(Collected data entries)
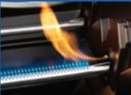
Allumage instantané JETFIRE MC
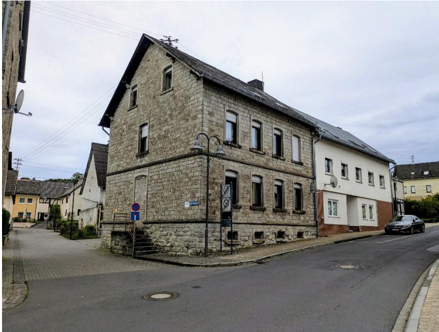
Bild 1: Städtebauliche Situation im Einmündungsbereich „Bleichgasse / Rheinstraße“ (Oktober 2025)
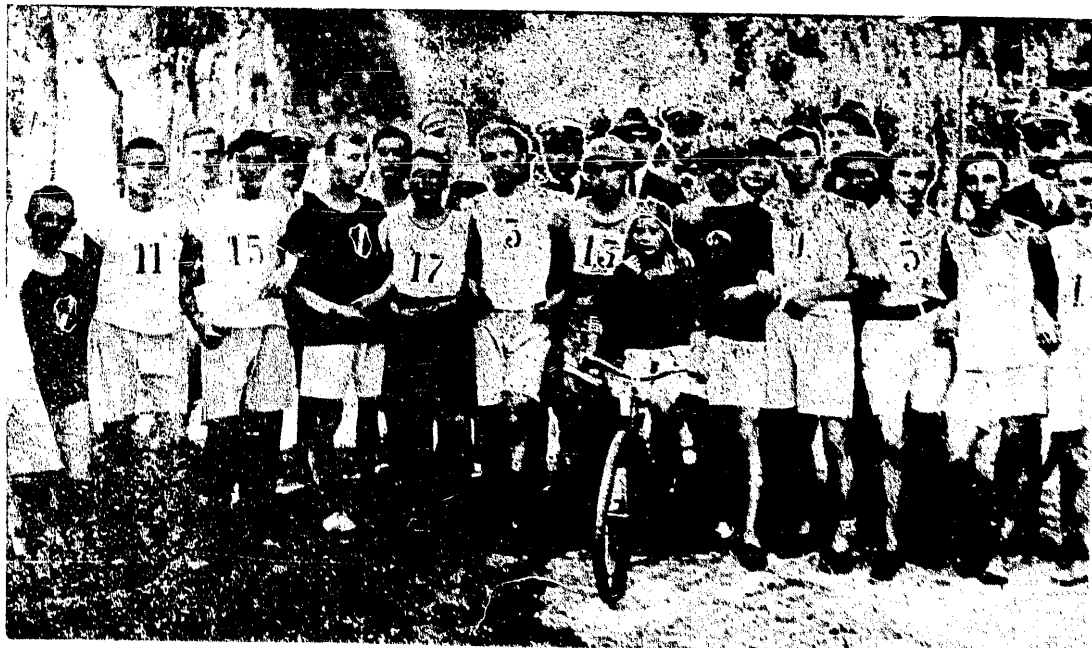
Uczestnicy biegu leśnego S. S. Unionu w Łodzi.
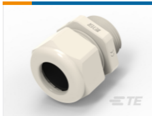
TE 产品编号T3209401222-001 HSK-M40G
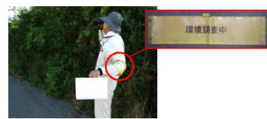
調査員のイメージ
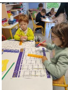
Tracer des lignes verticales
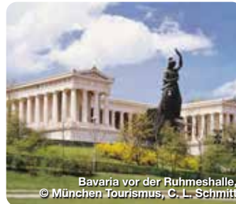
Bavaria vor der Ruhmeshalle
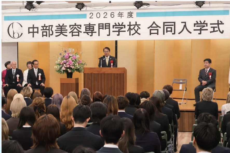
▲愛知県知事からの祝辞

4月6日(月)午前10時 より美容あいち会館2階 クリスタルホールに於いて、 名古屋校・岡崎校合同入 学式が26期トータルスタ ディー科262名、26期
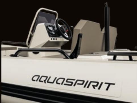
Alu Reling und Klampen | Alu handles and cleats
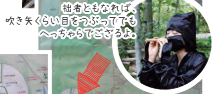
拙者ともなれば、吹き矢くらい目をつぶってでもへっちゃらでござるよ。
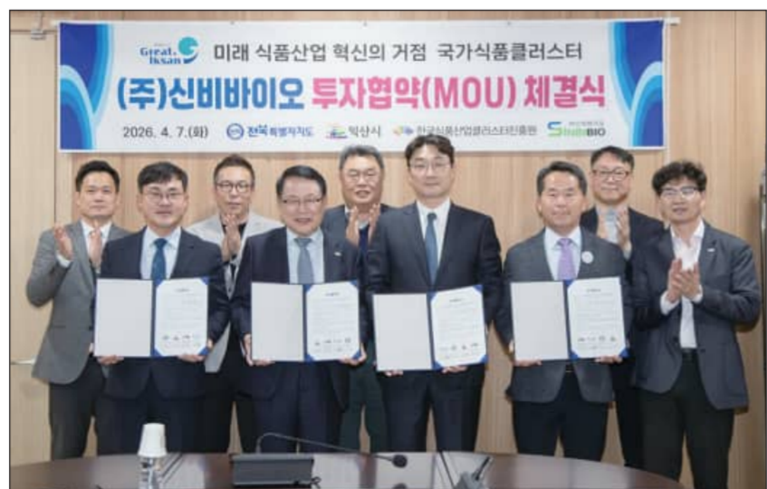
전북도는 7일 익산시, (주)신비바이오와 국가식품클러스터에 355억 원 규모 투자협약을 체결했다.

이번 협약은 2026년 들어 국가식품클러스터에서 체결된 다섯 번째 투자협약으로, 식품기업 입주 수요가 지속적으로 확대되고 있음을 보여준다.
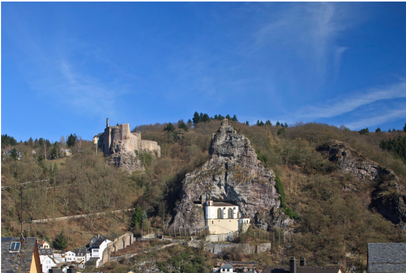
Felsenkirche und Ruine von Burg Oberstein in Idar-Oberstein (2009)
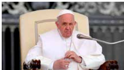
El Papa nomena per primera vegada a dones a la secretaria del Sínode Ds, 25/05/2019 | La Vanguardia
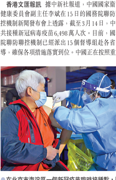
●在北京市海澱區一個新冠疫苗臨時接種點，醫護人員為社區老年人接種。

香港文匯報訊 據中新社報道，中國國家衛生健康委員會副主任李斌在15日的國務院聯防聯控機制新聞發布會上透露，截至3月14日，中國共接種新冠病毒疫苗6,498萬人次。目前，國務院聯防聯控機制已經派出15個督導組赴各省指導，確保各項措施落實到地。中國正在按照重點人群、高危險人群和其他人群依序推進的原則組織實施接種，穩步提高新冠病毒疫苗人群覆蓋率。 高危險人群視安全數據開展 針對老年人、基礎性疾病患者等高危險人群，他表示，目前臨床試驗關於這類人群保護效力的數據還不充分，因此這類人群接種工作需要根據疫苗研發進度來安排，臨床試驗獲得足夠的安全性、有效性數據後將及時開展相關人群的大規模接種。 為保障接種工作的順利開展，李斌說，國務院聯防聯控機制成立了疫苗工作協調組，統籌全國疫苗供應，全力推動疫苗生產擴能。各有關部門加大疫苗供需協調力度，規範疫苗儲存運輸，提高配送效率，保障疫苗供應。各地結合接種人群數量和進度，設置足夠的接種點，配足配齊人員設備。 建全國電子追溯協同平台 同時，嚴格落實疫苗全流程管控措施。在流向追蹤方面，中國建立了全國疫苗電子追溯協同平台，各地及時準確地向平台報告規定信息，做到疫苗全程可追溯，疫苗來源可查、去向可追。在疫苗流通和使用安全管理方面，疾控機構和接種單位嚴把疫苗出入關，定時監測、記錄新冠病毒疫苗在儲存、運輸過程中的溫度，確保儲存安全。

**PROBLEM**
Starting at the line above that holds "Bild 1: Städtebauliche", return each line up to and including the one that holds "이번 협약은 2026년", exactly as written, minus any pictures.

**RESULT FOR THIS EXERCISE**
Bild 1: Städtebauliche Situation im Einmündungsbereich „Bleichgasse / Rheinstraße“ (Oktober 2025)
Uczestnicy biegu leśnego S. S. Unionu w Łodzi.
TE 产品编号T3209401222-001 HSK-M40G
調査員のイメージ
Tracer des lignes verticales
Bavaria vor der Ruhmeshalle
▲愛知県知事からの祝辞

4月6日(月)午前10時 より美容あいち会館2階 クリスタルホールに於いて、 名古屋校・岡崎校合同入 学式が26期トータルスタ ディー科262名、26期
Alu Reling und Klampen | Alu handles and cleats
拙者ともなれば、吹き矢くらい目をつぶってでもへっちゃらでござるよ。
전북도는 7일 익산시, (주)신비바이오와 국가식품클러스터에 355억 원 규모 투자협약을 체결했다.

이번 협약은 2026년 들어 국가식품클러스터에서 체결된 다섯 번째 투자협약으로, 식품기업 입주 수요가 지속적으로 확대되고 있음을 보여준다.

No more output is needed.